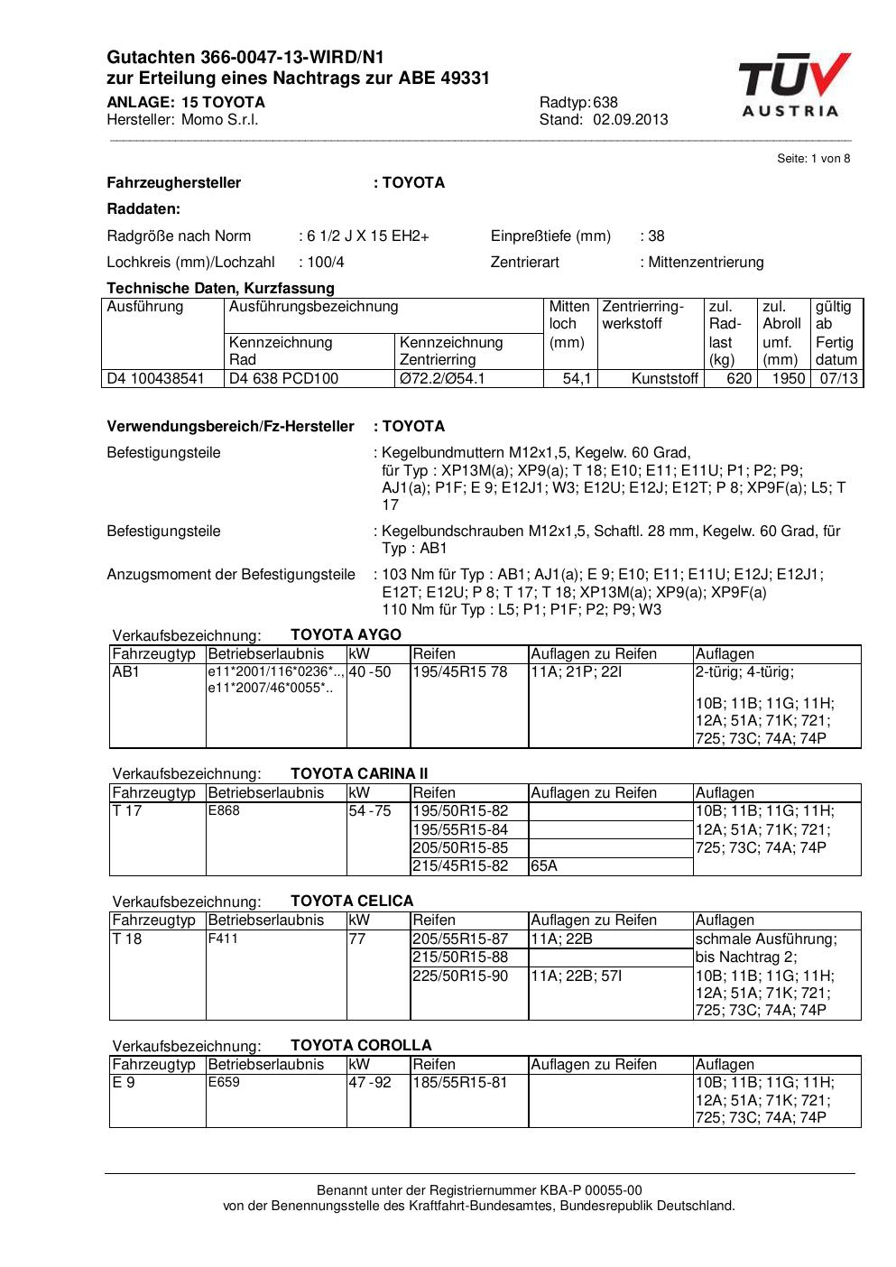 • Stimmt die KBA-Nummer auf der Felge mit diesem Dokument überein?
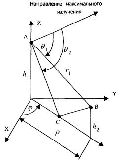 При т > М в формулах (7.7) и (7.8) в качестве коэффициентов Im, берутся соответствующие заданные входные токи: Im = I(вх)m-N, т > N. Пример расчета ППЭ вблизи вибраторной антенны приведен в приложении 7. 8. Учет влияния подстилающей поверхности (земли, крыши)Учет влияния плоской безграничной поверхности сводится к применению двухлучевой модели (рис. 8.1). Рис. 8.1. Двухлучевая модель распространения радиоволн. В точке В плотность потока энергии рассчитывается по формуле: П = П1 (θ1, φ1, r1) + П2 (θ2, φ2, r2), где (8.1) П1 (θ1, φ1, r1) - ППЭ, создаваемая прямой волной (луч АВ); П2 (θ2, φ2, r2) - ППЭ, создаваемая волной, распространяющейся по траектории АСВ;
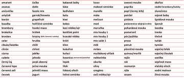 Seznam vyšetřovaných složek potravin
++++++++++++++++++++
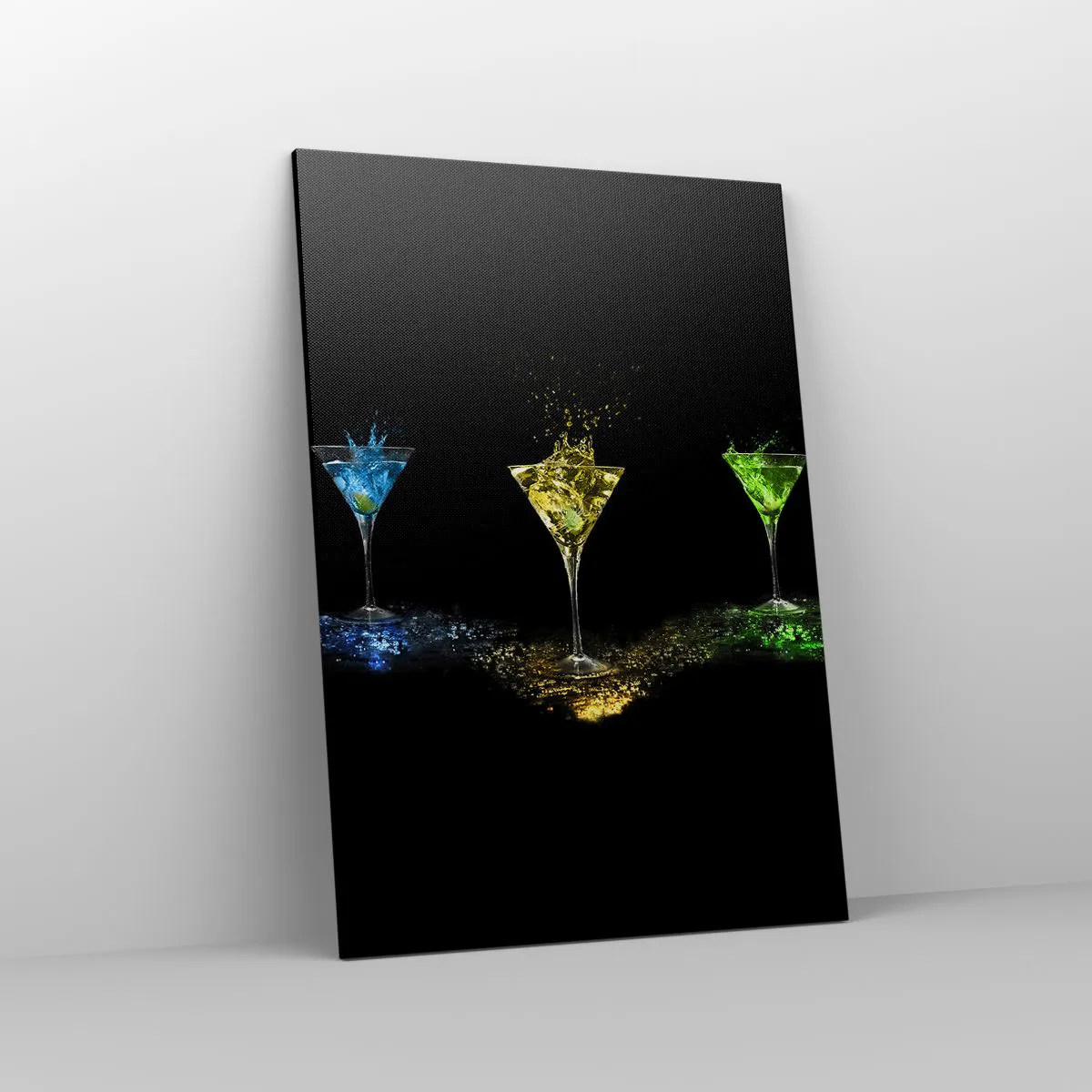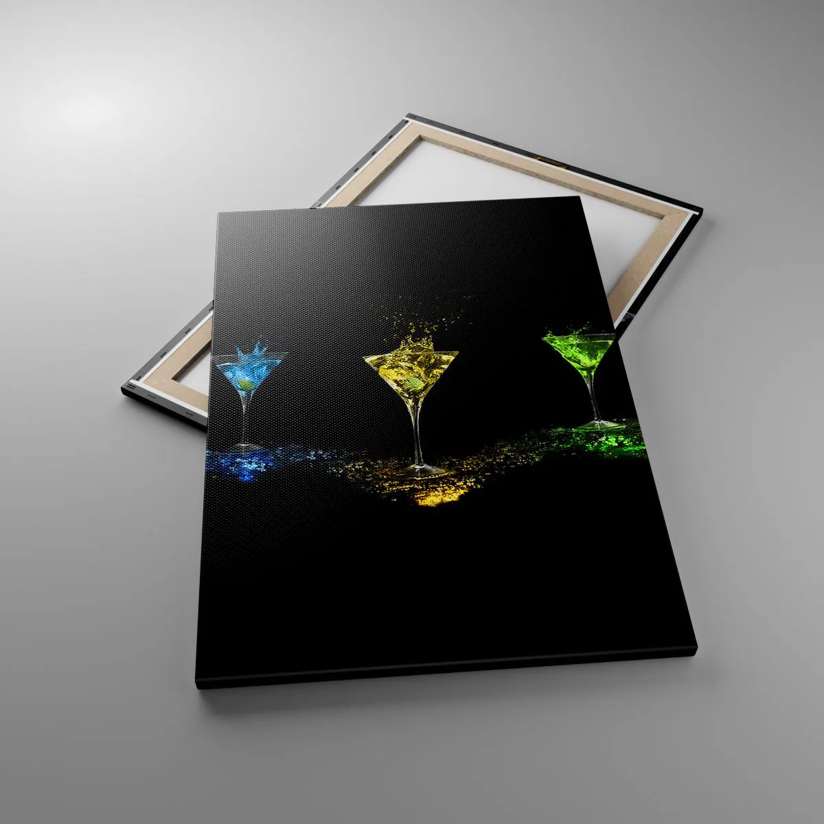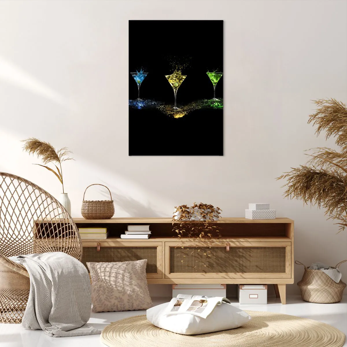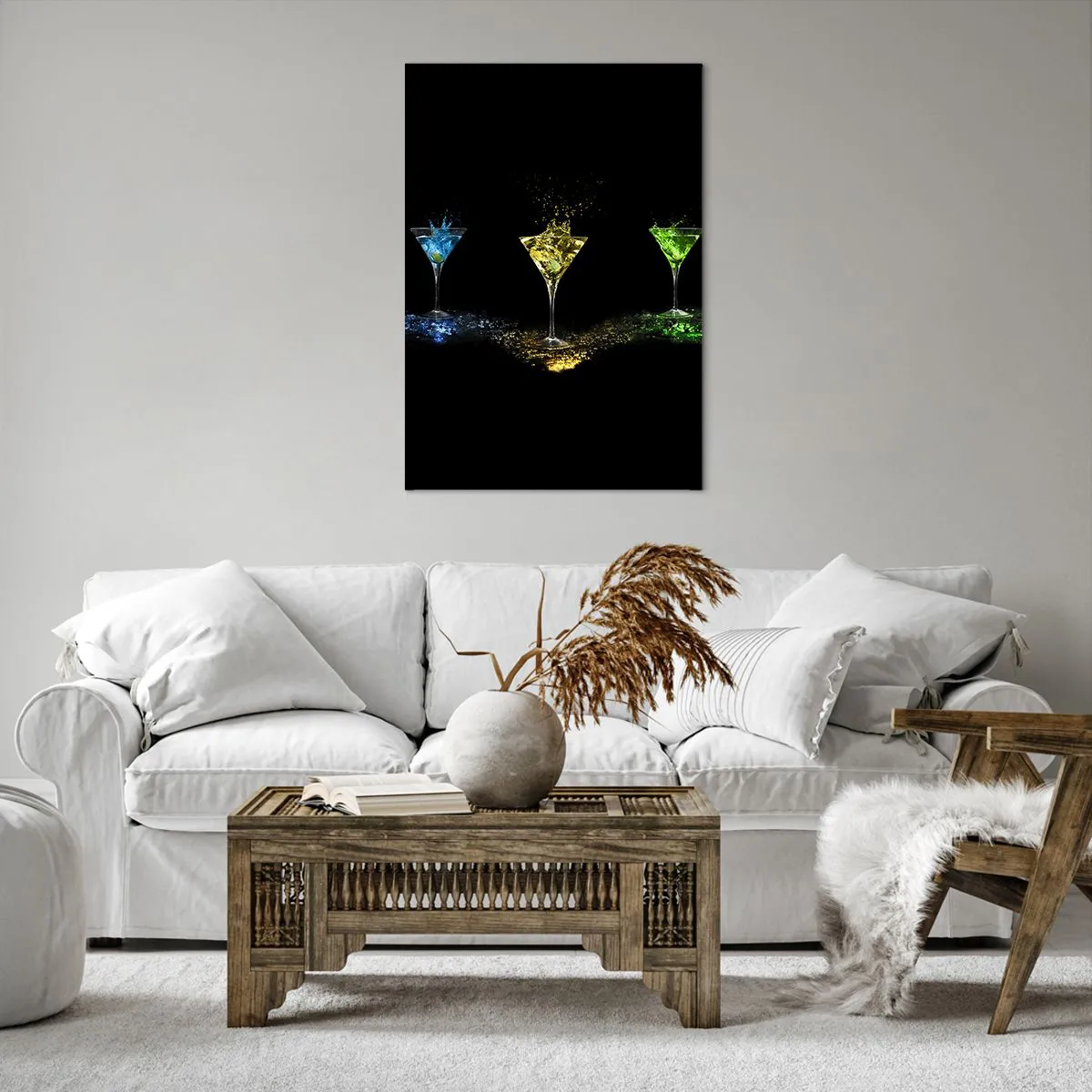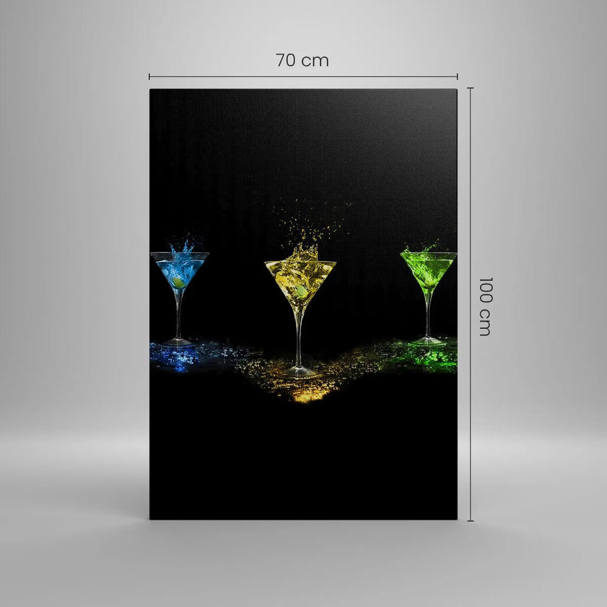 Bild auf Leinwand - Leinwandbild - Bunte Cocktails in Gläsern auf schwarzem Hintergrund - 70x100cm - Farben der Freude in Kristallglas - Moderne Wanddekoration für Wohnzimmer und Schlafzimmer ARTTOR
++++++++++++++++++++
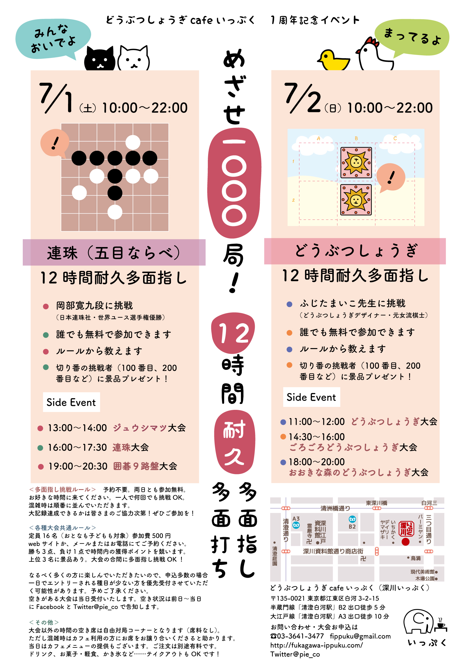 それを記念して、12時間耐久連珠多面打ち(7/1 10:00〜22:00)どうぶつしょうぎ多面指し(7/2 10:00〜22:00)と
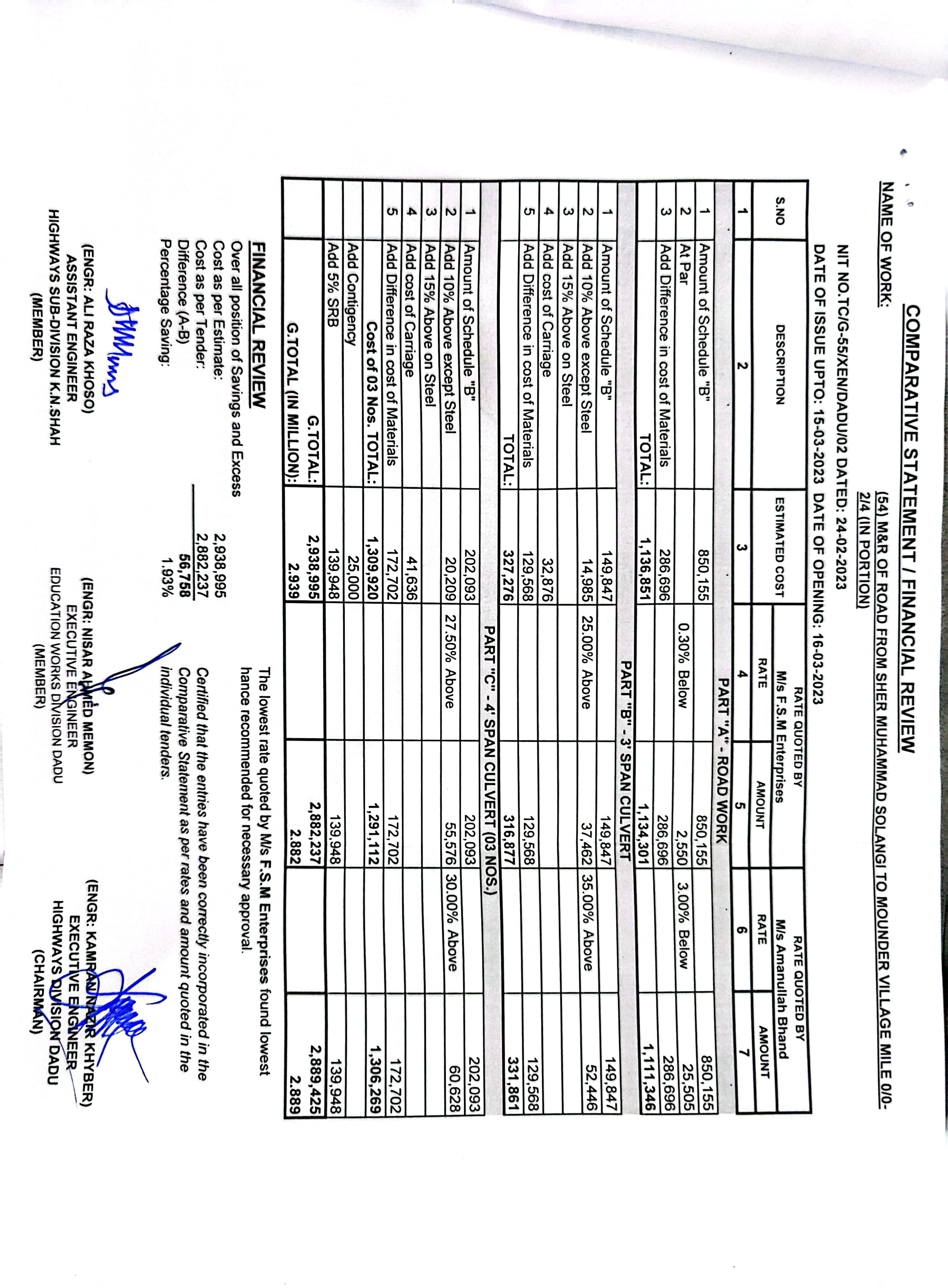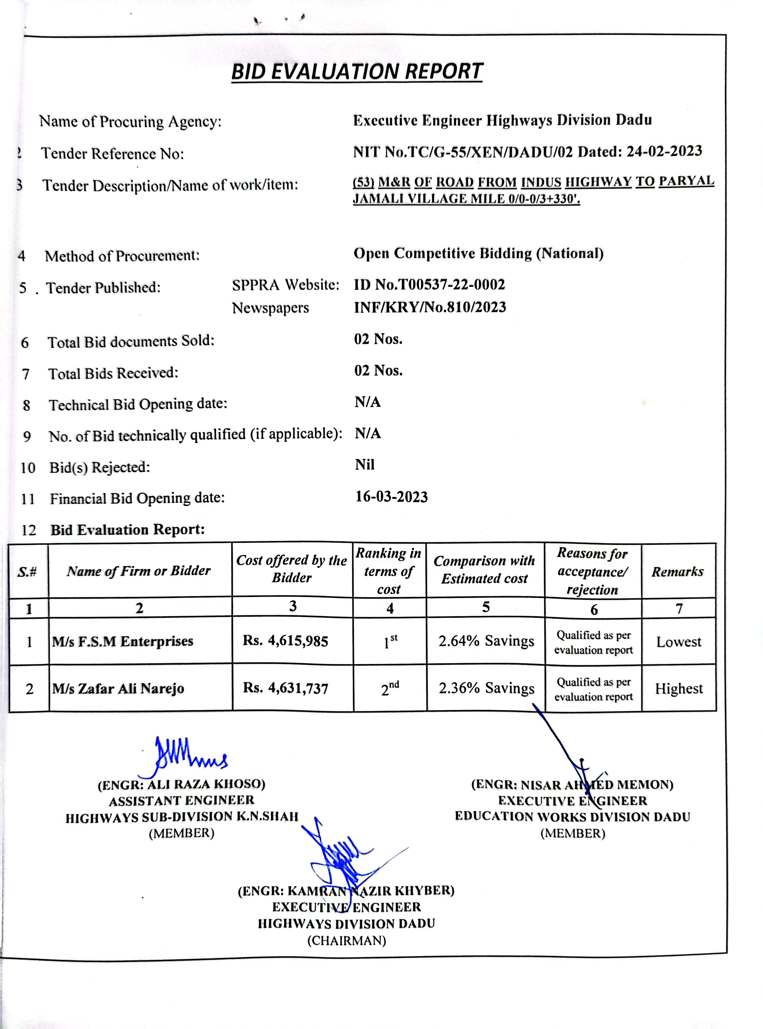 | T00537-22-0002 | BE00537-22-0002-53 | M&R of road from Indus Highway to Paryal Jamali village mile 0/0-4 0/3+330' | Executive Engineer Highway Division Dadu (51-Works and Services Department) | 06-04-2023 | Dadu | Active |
++++++++++++++++++++
What you will do - Using the data above, output the line that has "diesem Dokument überein?", the line that has "Seznam vyšetřovaných složek potravin", and whatever lines fall between, each exactly as it stands and without pictures.

Exercise output -
 • Stimmt die KBA-Nummer auf der Felge mit diesem Dokument überein?
 При т > М в формулах (7.7) и (7.8) в качестве коэффициентов Im, берутся соответствующие заданные входные токи: Im = I(вх)m-N, т > N. Пример расчета ППЭ вблизи вибраторной антенны приведен в приложении 7. 8. Учет влияния подстилающей поверхности (земли, крыши)Учет влияния плоской безграничной поверхности сводится к применению двухлучевой модели (рис. 8.1). Рис. 8.1. Двухлучевая модель распространения радиоволн. В точке В плотность потока энергии рассчитывается по формуле: П = П1 (θ1, φ1, r1) + П2 (θ2, φ2, r2), где (8.1) П1 (θ1, φ1, r1) - ППЭ, создаваемая прямой волной (луч АВ); П2 (θ2, φ2, r2) - ППЭ, создаваемая волной, распространяющейся по траектории АСВ;
 Seznam vyšetřovaných složek potravin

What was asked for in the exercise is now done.